Here is why I chose to use that saying... to me, my life BC (before cancer) was the barn... that life is gone...in that life, I felt immortal and Peter Panish. The mirror said I was getting older, but I never FELT it. "The moon" represented to me what I wanted to make of my new life that took it's place. And I think I'm still reclaiming and discovering new life here. I've recently begun having more days than not of feeling well again... really, it's taken that long... in the past week I went for two one-hour bike rides, early morning, on a peaceful bike trail, and I was cognizant of feeling very much alive and full of life. I feel good often... I love my job (sometimes it doesn't feel like work anymore, it just flows with my day, and though I think about future retirement from time to time, when I really think about it, I think I'd prefer to just keep doing what I'm doing while I can... that's an awesome good feeling.) I feel I am still growing spiritually, still on a journey that I have much to yet learn and grow in. Oh, God knows, I am far from "mature" spiritually, but I sense His patience and grace with me more than His disappointment. In November, I will complete my Novitiate status and formally become a Benedictine Oblate... it brings a meaningful set of spiritual disciplines into my life, that ultimately, I find, brings me into closer relationship with God. I still struggle at times with some treatment related side effects, primarily the loss of a good deal of salivary function, but I think I am not as hampered by it as I was even a few months ago. I was told that after two years, what I got back is what I will get, and I still have four more months before that two year mark. I can live with this.

But, back to the blog. I don't think it's particularly meaningful right now, and so, I think I need to stop.

Here's several reasons why:

1. There has been no direction or "purpose" to whisper salad, and unlike the first blog I did, this one just seemed to be aimless... I felt it going nowhere. Truthfully, I am giving this blog a C- grade at best.
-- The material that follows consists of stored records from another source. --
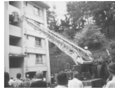
はしご車による避難訓練

の計画など地域の防災意識の推進を計ってまいりました。特に高齢化社会に向け、住民を対象に緊急連絡先の調査を実施し名簿を作成したり、救急救命ライセンス講習会を開催してまいりました。地域ぐるみの活動として、朝日ヶ丘町、東山町自主防災会にも声をかけ、はしご車による救出訓練、消火器取り扱い訓練、簡易トイレの組み立て訓練などを実施し、組織の強化を推し進めることができました。今後も自主防災においてさまざまな体験と訓練を重ね、地域の防災意識の高揚に務めて参りたいと思います。
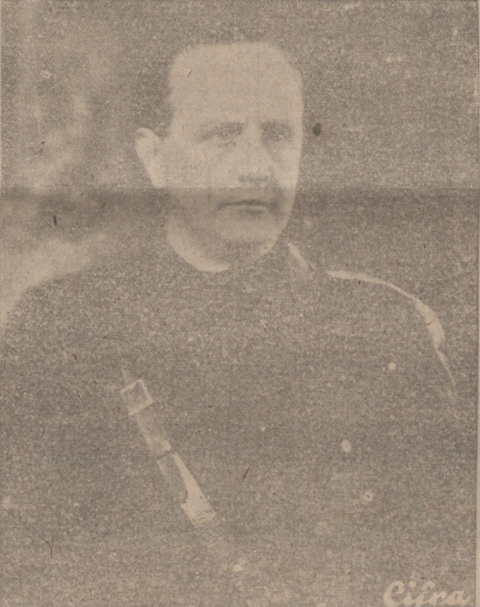
arreglo a ciertos trámites previamente establecidos.
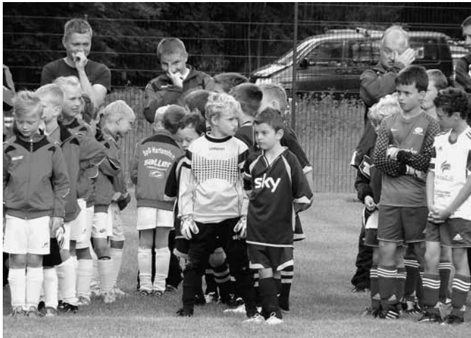
F-Junioren VfL Wildenfels

Das Sportfest wurde mit den Punktspielen der 1. und 2. Männermannschaft erfolgreich beendet. Allen Organisatoren, Helfern und Sponsoren ein großes Dankeschön!
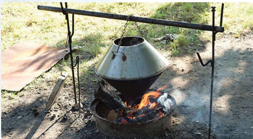
Тем более что на столе будет настоящая шурпа из похожего на юлу чана
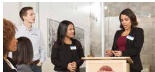
Table Topics (Stegreifreden). Während der Table Topics haben alle Teilnehmer die Gelegenheit, ein bis zwei Minuten lange, improvisierte Reden zu halten. Dies ist häufig der herausforderndste und unterhaltsamste Teil Ihres Clubtreffens.

Die Reihenfolge und die Länge dieser Segmente kann von Club zu Club unterschiedlich sein. Die Länge eines Clubtreffens bestimmt häufig die Zeitdauer für jedes Segment.
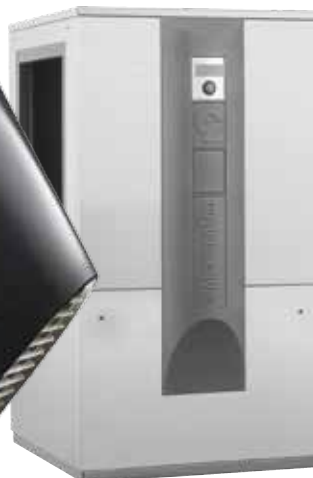
LW 90 Solar

When I read the posts on the Deeper than Cancer blog, particularly the five months of August-December 2009, when I wrote about the cancer treatment journey I was going through and the fears/depression/pain and finally early steps of recovery I traversed, it seemed there was a flow and a purpose and a connection happening. Not so much here. I'm disappointed with myself.

2. I'd like to work on being a better writer, but I can't seem to do that publicly; I am too aware that people (even if only a few people) are tuning in and reading. I think I need to spend some time writing in a more private fashion so I can focus solely on that.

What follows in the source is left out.